Axúl is Black trans nonbinary queer; earth-worker, DJ, chef, artist, abolistionist, history-keeper, and story-teller. Born and raised in Trenton, New Jersey, sharing community and interdependence was a constant practice and reminder to Axúl that we have a purpose to be here, at this time, with one another. Axúl is a student of herbalism and has been growing food for the past decade and been taught through these practices the power of healing justice, interdependence, patience, and liberation. Their artistic practice is best described as multidisciplinary. He uses the medium of writing to best illustrate his imagination and bring to life other worlds and outer realities full of ancestral dreams. Axúl brings their visions of alternate economies based on just relationships to the ecosystem.

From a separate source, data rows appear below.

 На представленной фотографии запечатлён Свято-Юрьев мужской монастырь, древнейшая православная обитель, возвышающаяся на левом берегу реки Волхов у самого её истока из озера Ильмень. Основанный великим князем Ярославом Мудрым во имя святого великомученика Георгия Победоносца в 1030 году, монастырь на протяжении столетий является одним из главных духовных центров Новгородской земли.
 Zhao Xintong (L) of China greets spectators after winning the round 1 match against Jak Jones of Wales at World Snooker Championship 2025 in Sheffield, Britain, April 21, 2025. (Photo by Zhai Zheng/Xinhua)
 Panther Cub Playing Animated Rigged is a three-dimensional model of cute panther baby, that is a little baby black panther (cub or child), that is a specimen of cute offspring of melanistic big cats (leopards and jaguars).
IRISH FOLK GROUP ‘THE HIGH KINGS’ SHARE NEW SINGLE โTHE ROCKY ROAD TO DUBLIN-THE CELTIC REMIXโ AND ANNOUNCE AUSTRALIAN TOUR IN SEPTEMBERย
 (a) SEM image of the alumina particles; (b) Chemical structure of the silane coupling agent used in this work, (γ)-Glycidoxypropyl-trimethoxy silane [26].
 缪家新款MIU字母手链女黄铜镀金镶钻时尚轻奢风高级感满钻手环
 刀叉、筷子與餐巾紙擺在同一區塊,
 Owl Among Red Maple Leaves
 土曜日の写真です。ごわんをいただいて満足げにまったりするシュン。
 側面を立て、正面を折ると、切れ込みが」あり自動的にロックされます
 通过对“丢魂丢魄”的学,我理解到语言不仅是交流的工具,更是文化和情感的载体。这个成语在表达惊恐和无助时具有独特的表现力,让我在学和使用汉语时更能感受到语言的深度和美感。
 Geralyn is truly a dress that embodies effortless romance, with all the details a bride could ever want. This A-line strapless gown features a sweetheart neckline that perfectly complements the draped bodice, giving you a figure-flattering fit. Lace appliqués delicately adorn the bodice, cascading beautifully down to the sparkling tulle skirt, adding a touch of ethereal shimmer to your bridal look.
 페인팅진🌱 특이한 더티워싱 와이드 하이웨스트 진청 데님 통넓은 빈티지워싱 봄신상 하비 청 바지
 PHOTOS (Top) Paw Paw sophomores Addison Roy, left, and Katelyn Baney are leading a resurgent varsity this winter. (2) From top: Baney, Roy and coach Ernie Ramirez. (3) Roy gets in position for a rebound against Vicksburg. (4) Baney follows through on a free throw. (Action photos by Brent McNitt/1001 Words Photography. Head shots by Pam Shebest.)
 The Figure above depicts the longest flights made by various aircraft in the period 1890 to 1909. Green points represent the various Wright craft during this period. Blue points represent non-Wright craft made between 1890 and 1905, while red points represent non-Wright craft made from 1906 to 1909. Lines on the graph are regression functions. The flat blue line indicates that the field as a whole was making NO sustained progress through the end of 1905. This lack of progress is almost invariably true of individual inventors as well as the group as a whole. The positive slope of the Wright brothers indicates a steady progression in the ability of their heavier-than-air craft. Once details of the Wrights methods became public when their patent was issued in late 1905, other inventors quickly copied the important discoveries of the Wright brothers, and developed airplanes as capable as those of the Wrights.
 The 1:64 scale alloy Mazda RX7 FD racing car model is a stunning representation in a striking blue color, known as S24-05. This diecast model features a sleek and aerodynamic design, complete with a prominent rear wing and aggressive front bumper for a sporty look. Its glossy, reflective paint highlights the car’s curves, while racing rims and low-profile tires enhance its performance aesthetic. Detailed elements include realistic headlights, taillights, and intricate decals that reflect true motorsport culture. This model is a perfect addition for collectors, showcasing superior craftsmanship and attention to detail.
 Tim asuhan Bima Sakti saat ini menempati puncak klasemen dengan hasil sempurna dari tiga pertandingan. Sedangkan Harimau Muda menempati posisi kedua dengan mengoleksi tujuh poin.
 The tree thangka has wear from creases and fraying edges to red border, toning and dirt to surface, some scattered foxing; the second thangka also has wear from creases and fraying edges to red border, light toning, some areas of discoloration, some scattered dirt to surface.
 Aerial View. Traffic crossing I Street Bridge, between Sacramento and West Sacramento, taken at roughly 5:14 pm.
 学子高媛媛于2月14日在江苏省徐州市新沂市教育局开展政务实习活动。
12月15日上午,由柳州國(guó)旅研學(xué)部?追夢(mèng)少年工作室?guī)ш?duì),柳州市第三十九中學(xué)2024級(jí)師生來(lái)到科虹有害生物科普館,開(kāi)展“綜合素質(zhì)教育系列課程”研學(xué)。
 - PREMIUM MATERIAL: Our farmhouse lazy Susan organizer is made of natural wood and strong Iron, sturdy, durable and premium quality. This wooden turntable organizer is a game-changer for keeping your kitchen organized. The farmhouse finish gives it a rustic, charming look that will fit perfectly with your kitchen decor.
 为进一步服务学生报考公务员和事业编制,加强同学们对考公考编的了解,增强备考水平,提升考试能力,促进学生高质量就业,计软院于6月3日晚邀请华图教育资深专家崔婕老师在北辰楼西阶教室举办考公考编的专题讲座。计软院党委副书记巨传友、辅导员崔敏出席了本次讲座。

Through CoFED, he will deepen his project’s committed to cooperative principles, and steeped in the knowing that it is the earth that frees us.

Email: axul@cofed.org

Gabriela Silva (pronouns: they/she)

Gabi is deeply rooted in community, self-love, and practicing holistic sustainability. With a B.A. in Black Studies from UCSB, they have devoted themselves to a life-long commitment in dismantling oppressive systems and institutions, whilst incorporating healing and joy. Growing up in alternative economy structures, they realized how pivotal community is in addressing and meeting the needs of one another through non-extractive exchanges. Having been involved in mutual aid and reparative work founding a local community pantry and holding healing spaces for misogyny-affected individuals, they firmly believe in community and collective power in building a regenerative, sustainable, and liberated future. In a time where meeting basic needs has become tainted with neoliberalism, their project aims to create an autonomous movement of food and land sovereignty through guerilla gardening in urban landscapes with the use of GIS Mapping, social media mobilization, and people-power. They initially got involved in the regenerative communities and food empowerment movement when they got diagnosed with an autoimmune and witnessed the transformative and regenerative abilities within their own body. Connecting with the Earth and with food has been an incredibly healing experience that she is incredibly grateful for. “Although colonialism may have attempted to break my ties to my ancestry I follow the example of a deep-rooted dandelion, where I plant myself firmly in this Earth connecting to my wide network of family and community to continue this cycle of life, healing, joy, and liberation here in this moment and time.”